By Perri Moran
Over the course of four days in the middle of August, Edgewood’s new first-year students got to experience what most students in the years ahead of them also got to experience at the beginning of their college journey… orientation.
Some students were nervous about the new campus and people, some were annoyed about having to start school early and on a weekend, and some were indifferent about the first-year routine. But most people, in the end, were thankful.
Anjali Pattanayak, Edgewood’s assistant director of student inclusion and involvement, said she thought orientation went well even with the new format.
Pattanayak said that a conference-style format was introduced to orientation this year to allow students’ voices to be heard. Allowing students to decide what they needed was important because, according to Pattanayak, “every student has their own needs based on where they are at and having those choices allows us to meet them where they are at rather than trying to treat them as a monolithic group.”
An additional change this year was the distribution of student planners. Pattanayak said, “I think that the planner could be incredibly helpful not only for new students, but for returning students as a way of planning events they wish to go to as well as time management.”
With all this new activity, there were a few roadblocks during registration—literally. In addition to the seemingly never-ending construction on Monroe Street, there were “some challenges with the rain and flooding,” according to Pattanayak. This interfered with attendance at Welcome Week and the Involvement Fair.
Perhaps the rain wasn’t the only thing affecting attendance over the four days of activities. Halle White, one of the freshman attendees, thought that orientation could’ve been shortened by a day. “It was way too long,” she said. “By the end, everyone was exhausted.”
Jade Proctor, another first-year student, agreed. She said “the four full days of activity, breakfast to dinner” were “overwhelming.”

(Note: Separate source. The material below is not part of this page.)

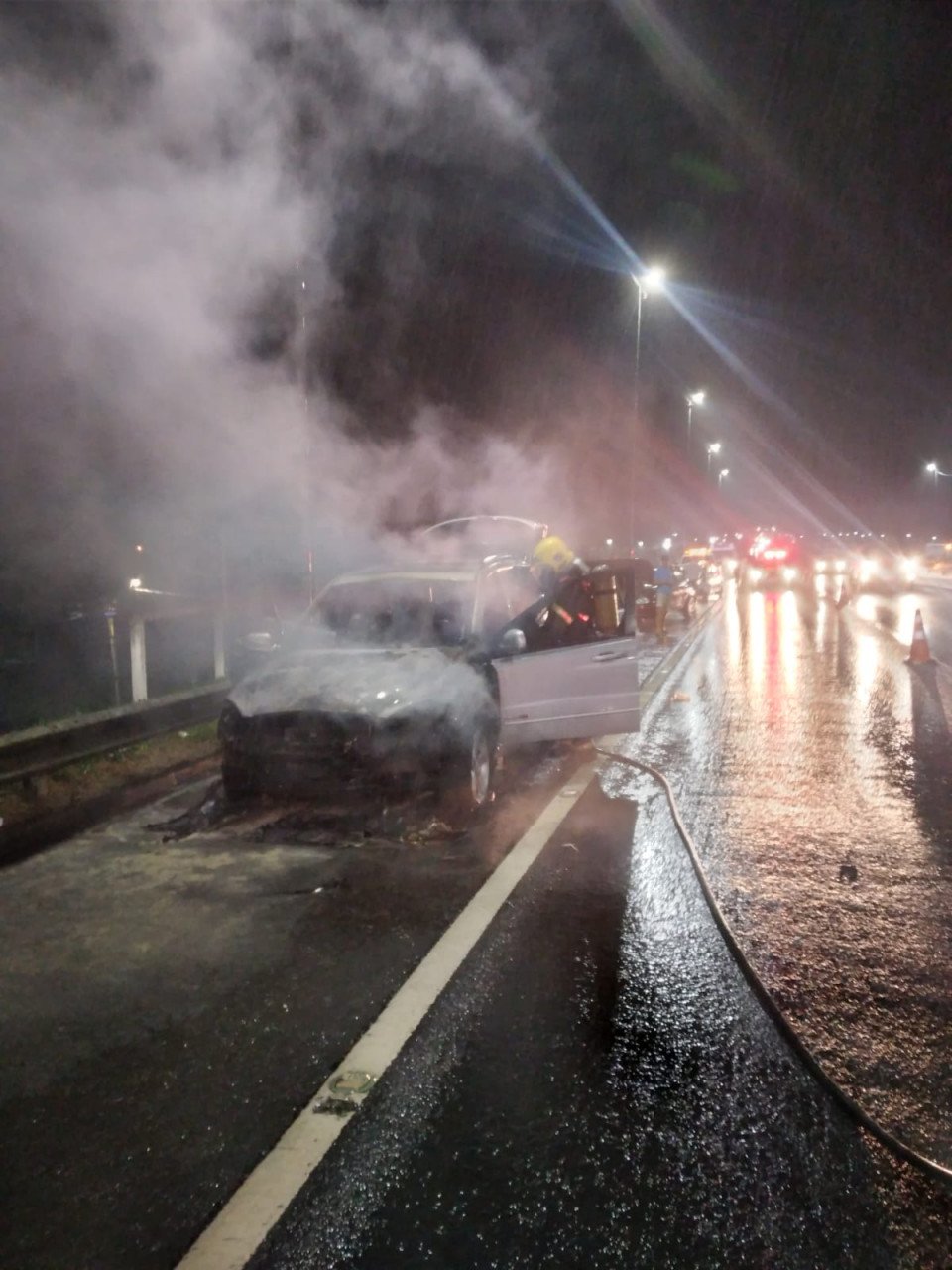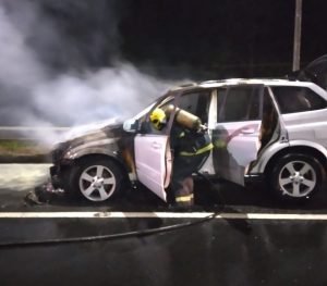 Viatura Auto Bomba Tanque e Resgate esteve no local para conter o incêndio em veículo de passeio na via pública, na BR-101. Os bombeiros confirmaram a natureza da ocorrência e a extinção do incêndio.

Students said they had an overall positive orientation experience. According to White, the experience she gained navigating the campus prior to the beginning of the school year helped her to understand the school and how it worked. She also said she “got to learn more about the core values of Edgewood, and why my class is the class of compassion.”
Proctor agreed. She said she not only felt familiar with the layout of the campus after orientation, but also about the available resources offered by the school. She said orientation helped her meet “lots of people I would see around campus.”

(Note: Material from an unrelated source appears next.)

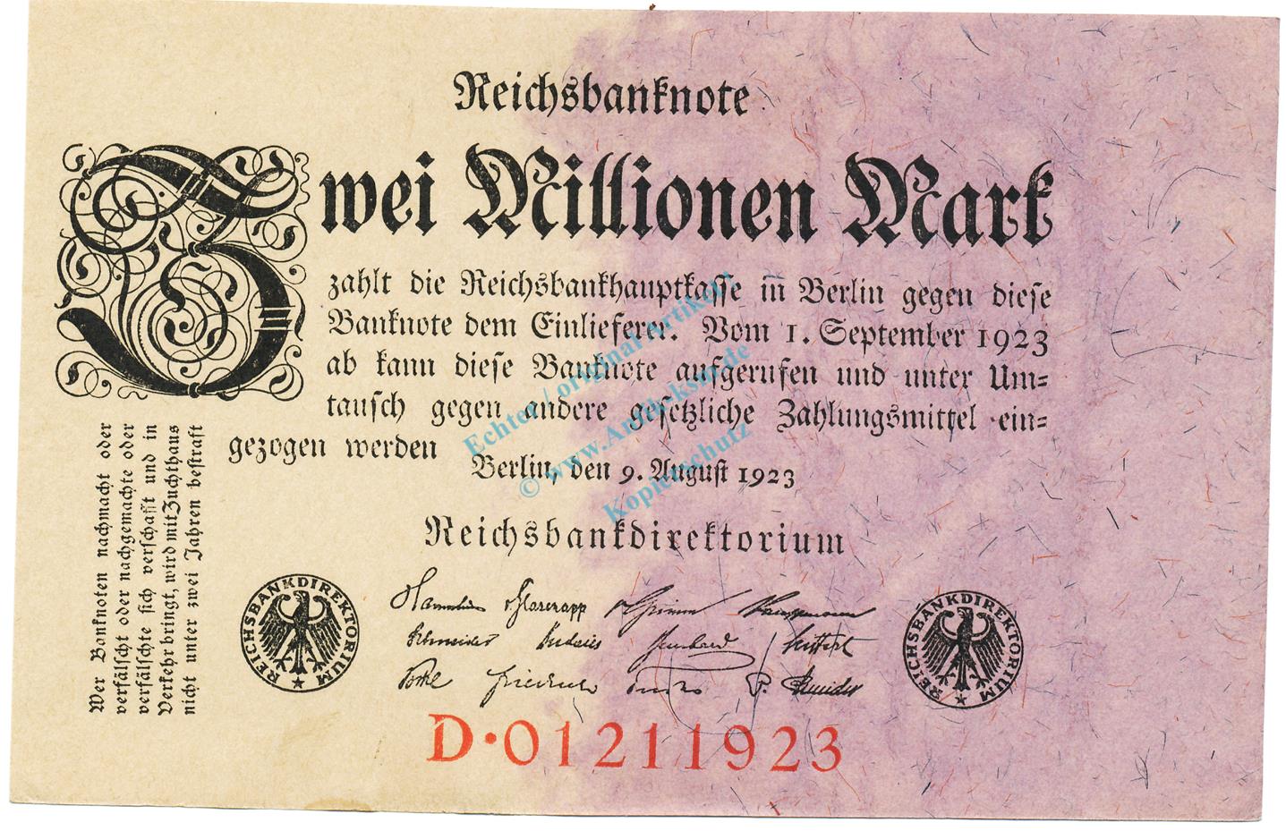 Reichsbanknote , 2 Millionen Mark Schein unc-kfr. DEU-115.a, Ros.102, P.103 Weimarer Republik 1923 Reichsbank

The things students found helpful during orientation, and even the things that they didn’t like, are very valuable information to Pattanayak. “We are always working to improve,” Pattanayak said, “so we did conduct a survey at the end of orientation and also held focus groups to get additional feedback. We actually changed quite a bit of the structure of orientation for this year based on last year’s feedback, so we do take that information very seriously.”